How do you determine whether the function #f^('')(x) = 36x^2-12# is concave up or concave down and its intervals?

1 Answer
Aug 3, 2015

You can use the second derivative test.

Explanation:

You can determine the intervals on which your function is concave up and concave down by using the second derivative test.

ALl you have to do is examine the behavior of the second derivative around inflexion points, which are points for which the second derivative is equal to zero.

In your case, you have

#f^('') = 36x^2 - 12#

Make #f^('')=0# and see how many inflexion points you have

#36x^2 - 12 = 0#

#12(3x^2 -1) = 0#

#x^2 = 1/3#

Take the square root of both sides to get

#sqrt(x^2) = sqrt(1/3) => x = +- sqrt(3)/3#

You have two inflexion points, #x = -sqrt(3)/3# and #x = sqrt(3)/3#, so you're going to look at three intervals

  • #(-oo,-sqrt(3)/3)#

SInce you're dealing with a square number, the sign of #f^('')# will always be positive for values that belong to this interval.

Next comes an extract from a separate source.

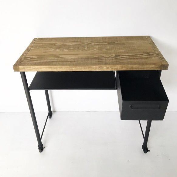 サイドの引き出しもアイアン製でおしゃれ且つ収納できて便利
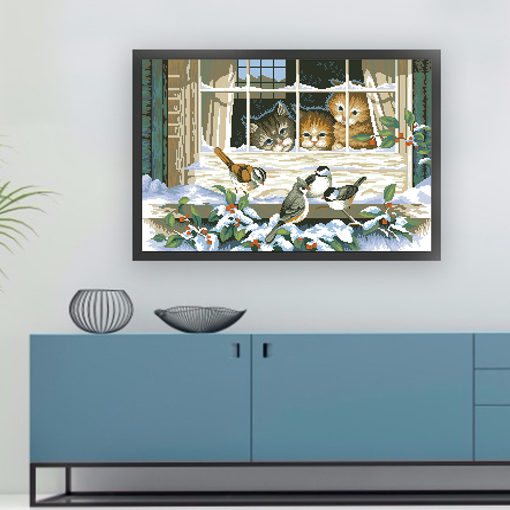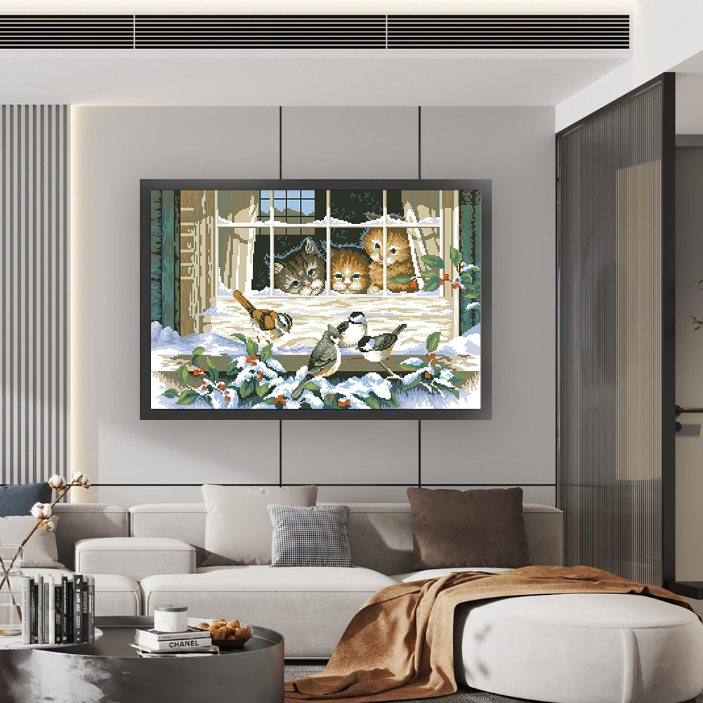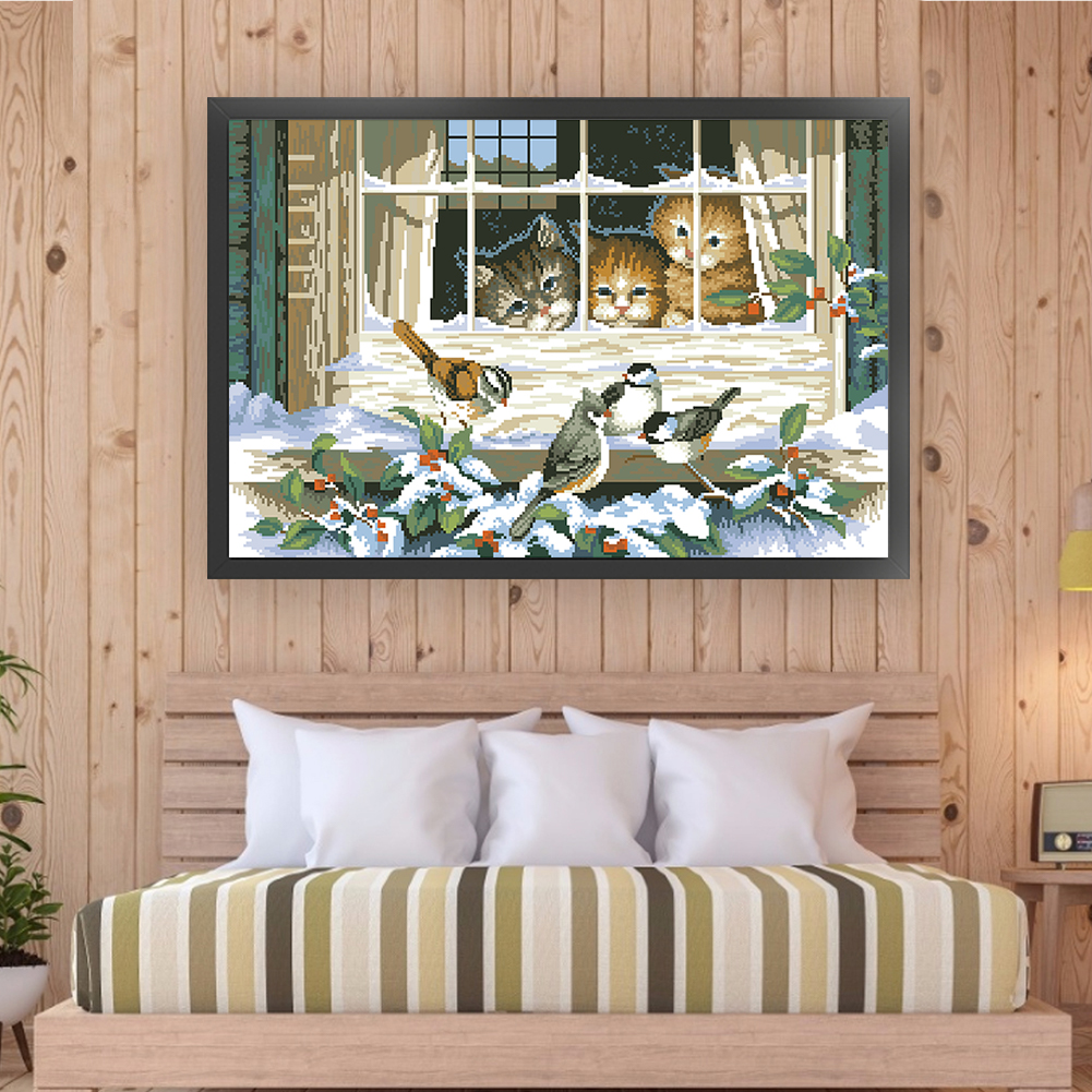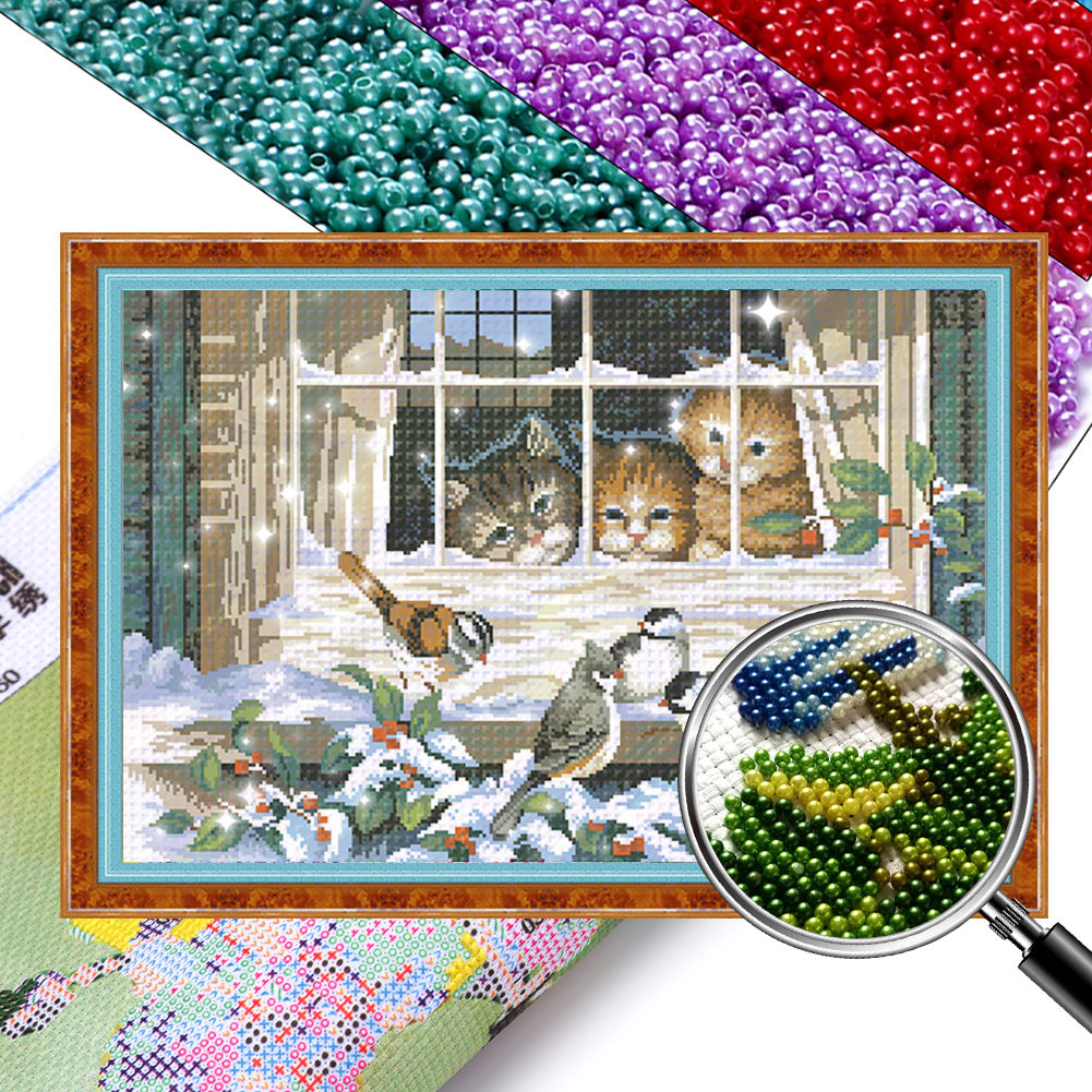 9CT Full Stamped Cross Stitch Bead Embroidery- Cat(Canvas|71*46CM)

This means that #f(x)# is concave up on this interval.

  • #(-sqrt(3)/3, sqrt(3)/3)#

This time, the expression #(3x^2-1)# will be negative for values that belong to this interval. This means that #f(x)# will be concave down on this interval.

  • #(sqrt(3)/3, +oo)#

Once again, the square of #x# will ensure that the expression #(3x^2-1)# will always be positive on this interval.

So, your function will be concave up on #(-oo,-sqrt(3)/3) uu (sqrt(3)/3, +oo)# and concave down on #(-sqrt(3)/3, sqrt(3)/3)#.

The graph of #f(x)# will have two inflexion points at #(-sqrt(3)/3, f(-sqrt(3)/3))# and #(sqrt(3)/3, f(sqrt(3)/3))#.